- Given information:
■ ■ ■ ■ ■ ■ ■

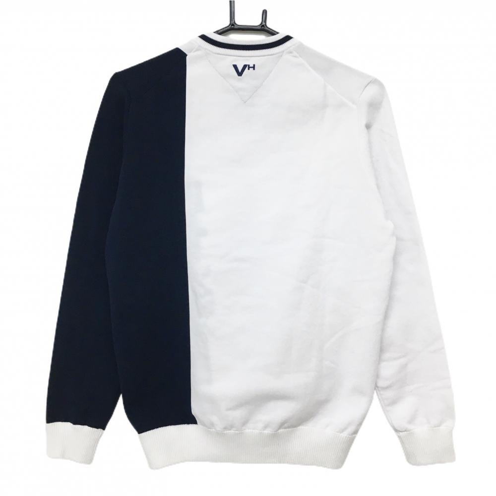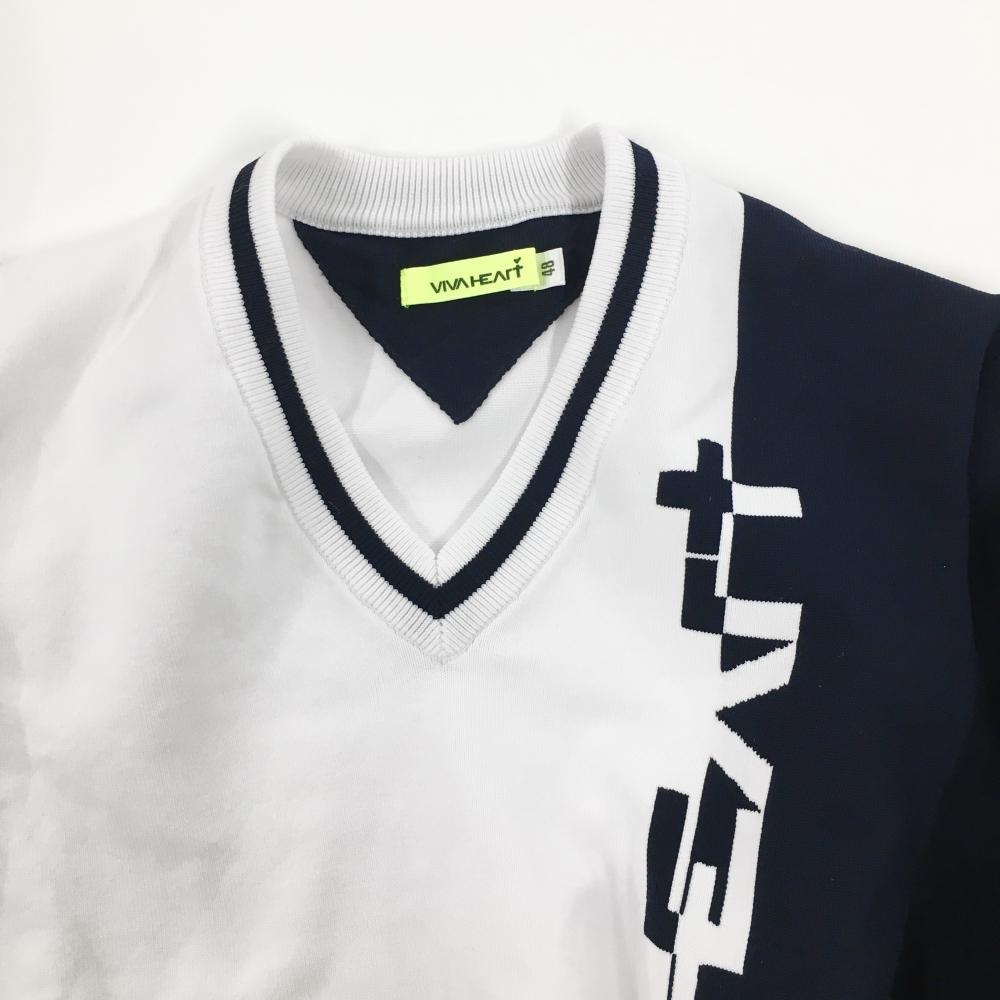 【美品】ビバハート セーター 白×黒 フロントロゴ ポリエステル100% ニット メンズ 48(M) ゴルフウェア VIVA HEART
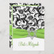Esta invitación blanco y negro elegante de Mitzvah del palo del damasco en el papel de lino tiene una verde lima IMPRESA EN la estrella de la cinta y de la plata de la broche de David. Si usted requiere cualesquiera otros artículos a juego, o los quisiera en otra combinación de color, enviar por correo electrónico por favor niteowlstudio@gmail.com con su petición.
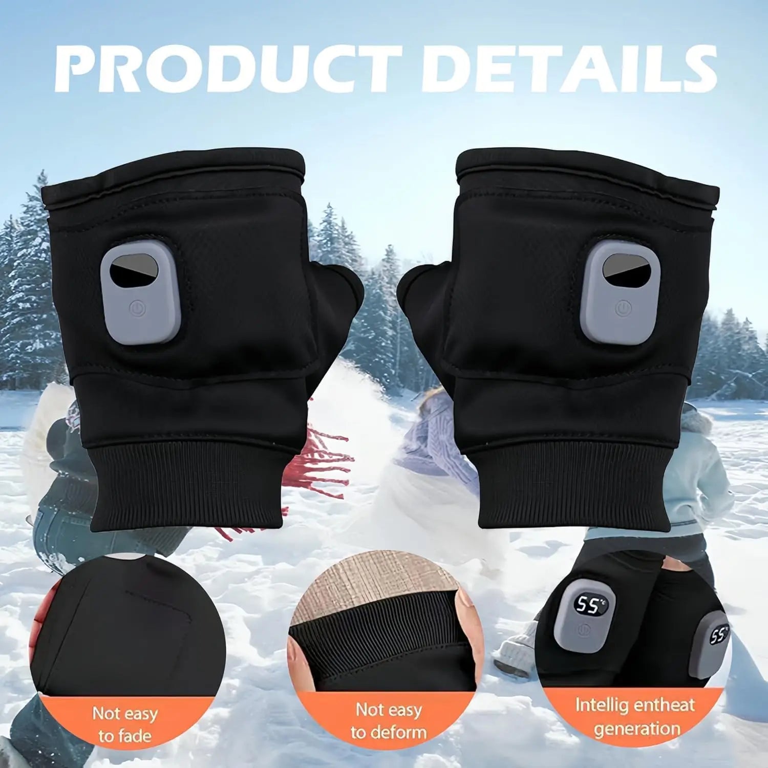 Heated Fingerless Gloves for Women, Rechargeable Electric Heated Gloves with Digital Display, Smart Thermostatic Outdoor Winter
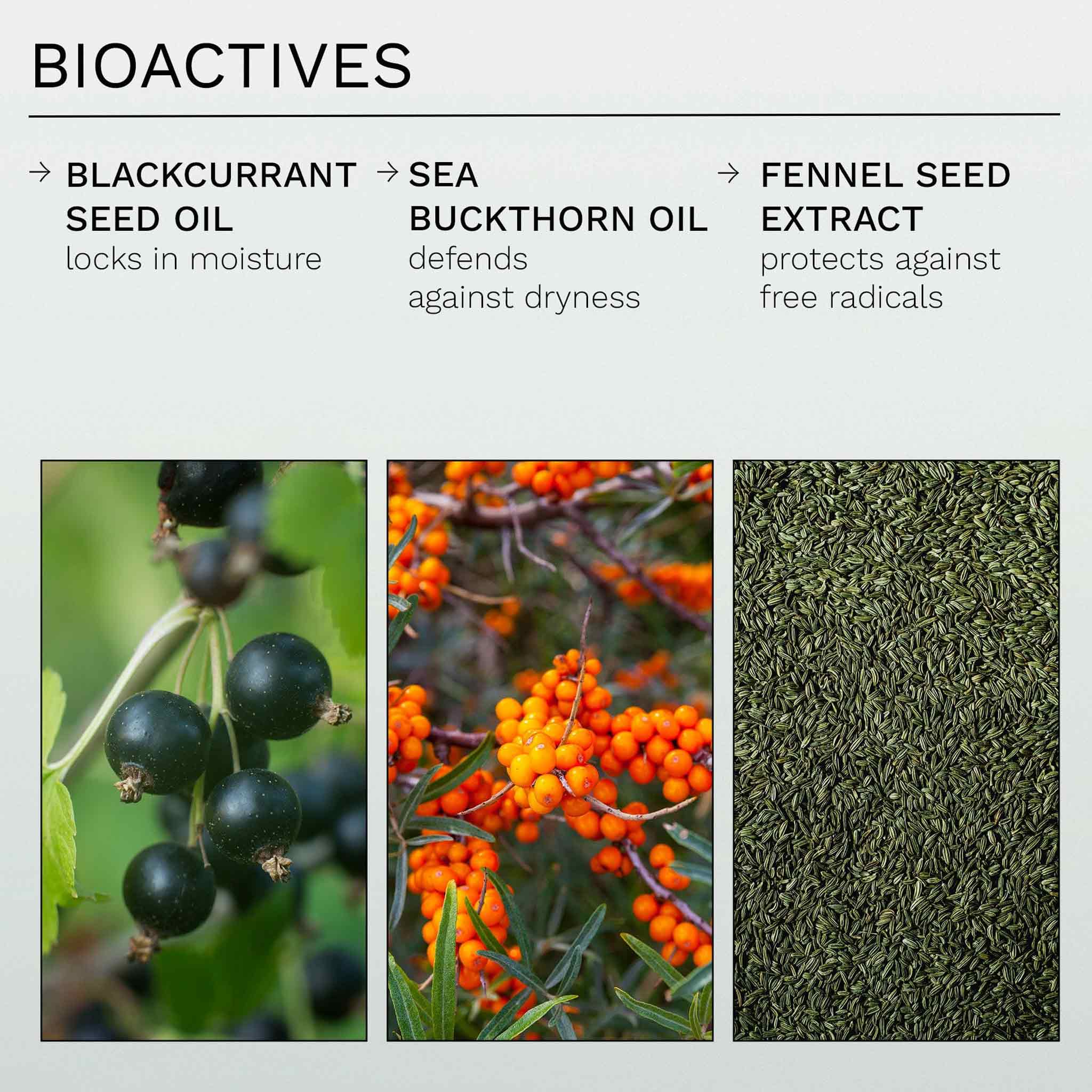 BLACKCURRANT SEED OIL: Extracted from non-GMO Ribes Nigrum plants cultivated in Poland using sustainable supercritical CO2 extraction, Blackcurrant Seed Extract is rich in nutrients and Omega 3 and 6 to help support the skin barrier, locking in moisture and smoothing the appearance of fine lines.

■ ■ ■ ■ ■ ■ ■

Word for word, repeat the lines of data above, omitting every picture.

 【美品】ビバハート セーター 白×黒 フロントロゴ ポリエステル100% ニット メンズ 48(M) ゴルフウェア VIVA HEART
Esta invitación blanco y negro elegante de Mitzvah del palo del damasco en el papel de lino tiene una verde lima IMPRESA EN la estrella de la cinta y de la plata de la broche de David. Si usted requiere cualesquiera otros artículos a juego, o los quisiera en otra combinación de color, enviar por correo electrónico por favor niteowlstudio@gmail.com con su petición.
 Heated Fingerless Gloves for Women, Rechargeable Electric Heated Gloves with Digital Display, Smart Thermostatic Outdoor Winter
 BLACKCURRANT SEED OIL: Extracted from non-GMO Ribes Nigrum plants cultivated in Poland using sustainable supercritical CO2 extraction, Blackcurrant Seed Extract is rich in nutrients and Omega 3 and 6 to help support the skin barrier, locking in moisture and smoothing the appearance of fine lines.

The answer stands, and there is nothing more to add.